Cześć,
mam problem z płynnym/gładkim początkowym ruchem przerzutki i niestety nie przychodzi mi do głowy żadna sensowna przyczyna.
Przerzutka wymaga sporo siły żeby ją ruszyć, wygląda jakby kąt linki w stosunku do jej mocowania był zbyt ostry. Po zmianie na wyższy bieg (i co za tym idzie zmianie kąta ciągnięcia linki) praca jest już płynna.

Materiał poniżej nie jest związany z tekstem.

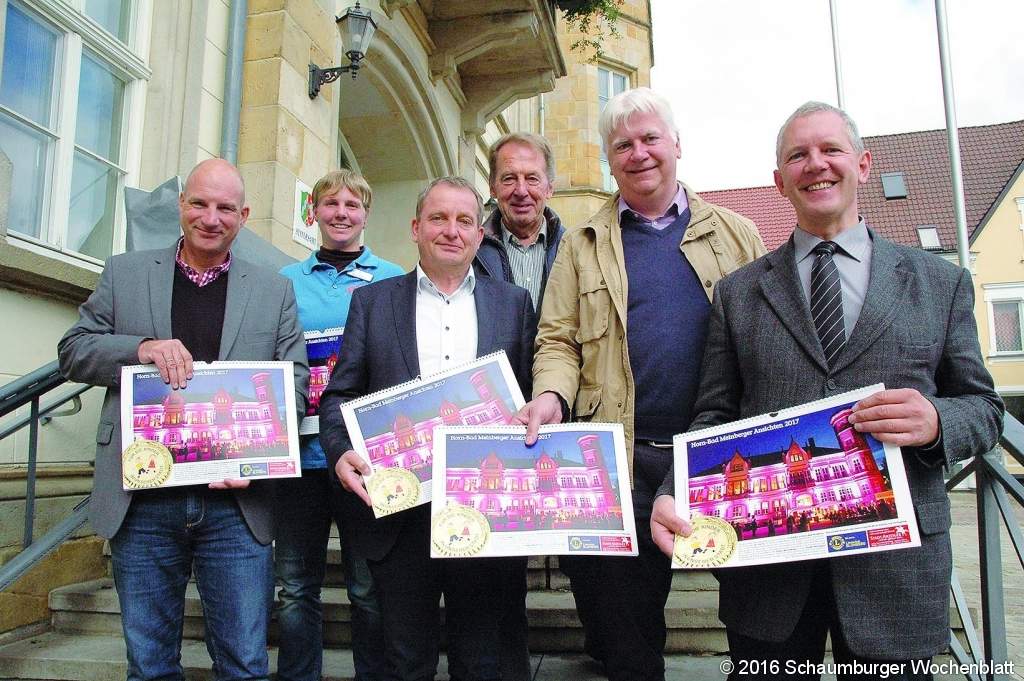 Das System ist ganz einfach: Die 500 Exemplare des Benefizkalenders gehen an die Fördervereine von Kindergärten und Schulen sowie an den Kinderschutzbund, wo sie gegen eine Spende von 15 Euro erworben werden können. Das Geld bleibt bei der betreffenden Einrichtung. Weitere Verkaufsstellen – darunter die Buchhandlung Abraxas, der Yoga-Vidya-Shop und Getränke-Betke – bieten den Kalender ebenfalls an; hier fließen die Einnahmen ausschließlich an den Kinderschutzbund. Der Aktion komme ein großer Vorbildcharakter zu, lobte Bürgermeister Stefan Rother, der bei der Vorstellung des Kalenders dann auch gleich das erste Exemplar erstand. "Ich freue mich sehr über diese Idee und unterstütze diesen Gedanken deshalb gerne. Mein Dank gilt allen Beteiligten, die dieses Projekt aus dem Boden gestampft haben. Das bringt uns, unsere Stadt und die Kinder nach vorne. Wir werden seitens der Stadt deshalb kräftig Werbung dafür machen." Zudem zeigten die tollen Bilder des Kalender die Schönheit des Stadtgebietes Horn-Bad Meinberg. Unter anderem hat Manfred Hütte das Rathaus, den Kurpark mit Brunnentempel, die Burg und die Velmerstot abgelichtet. Die Fotos sind in den vergangenen Jahren entstanden und decken alle Jahreszeiten ab. Die Idee für eine Benefizaktion spukte Manfred Hütte schon seit langem im Hinterkopf herum: "Das Beispiel der Eisbahn in Bad Meinberg hat gezeigt, dass man Großes erreichen kann, wenn der Wille vorhanden ist." Daran habe er anknüpfen wollen und sich deshalb mit dem Lions Club Blomberg in Verbindung gesetzt. Für den gehört Horn-Bad Meinberg inzwischen zum erweiterten Einzugsbereich. Club-Präsident Karsten Fahrenkamp erklärte: "Das Förderungsziel des Kalenders entspricht zu 100 Prozent unseren Vorstellungen. Wir haben deshalb gerne und bereitwillig mitgemacht. Zugleich finden unsere Aktivitäten in Horn-Bad Meinberg mit dem Benefizkalender 2017 eine schöne Fortsetzung."
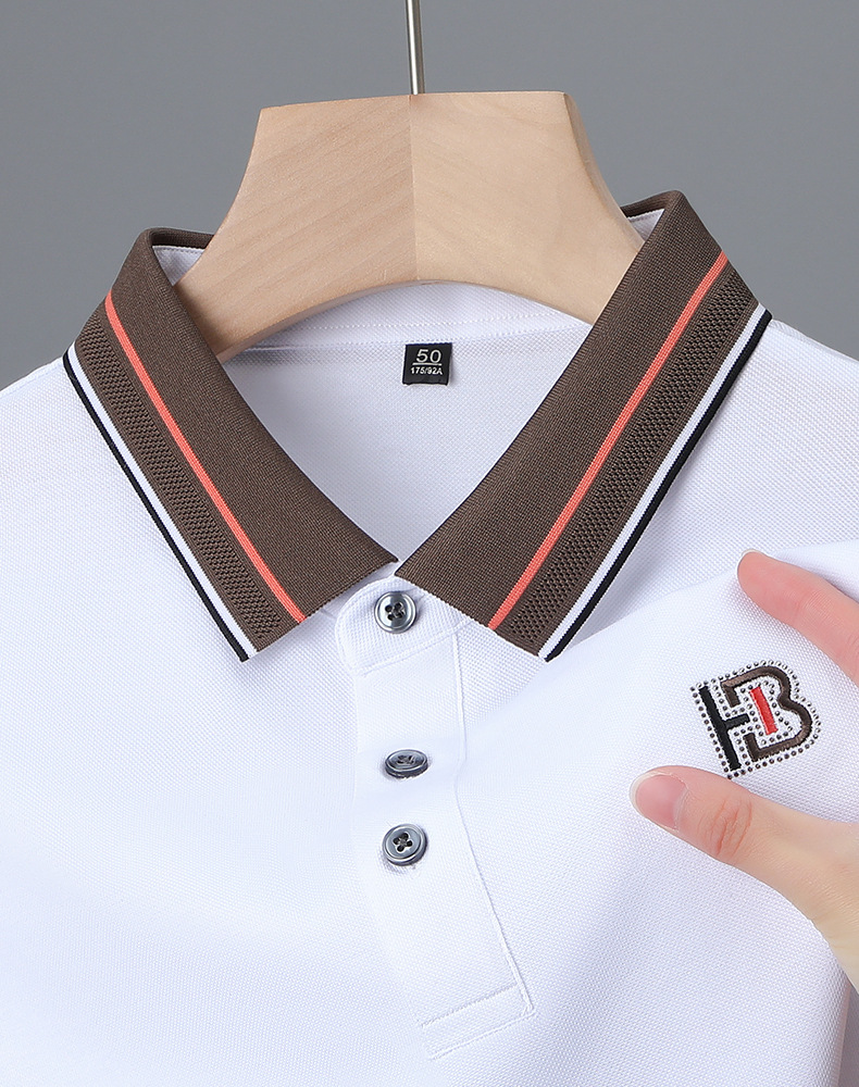 여름 2024 남자 하이 엔드 반팔 머서리 면화 POLO 라인 석 옷깃 최고의 비즈니스 캐주얼 청소년 잘 생긴 티셔츠스토어 가기

Wymiana pancerzy/linek niewiele zmieniła, demontaż prowadnicy pancerzy z dołu ramy (który dosyć dziwnie swoją drogą prowadził te pancerze) też niewiele zmienił. Sama przerzutka bez linki pracuje gładko bez oporu. Adapter linki w przerzutce ustawiony prawidłowo. Manetka również działa prawidłowo.
Rower Orbea Vector, przednia przerzutka Claris, manetka Claris.
Jedyne co mi tutaj nie pasuje to mocowanie przerzutki. Dlaczego Orbea zamontowała przerzutkę z bocznym mocowaniem i adapterem, zamiast zwykłej na obejmę? Czy przerzutka na obejmę nie miałaby inaczej usytuowane ramienia? Może wtedy ten kąt byłby lepszy?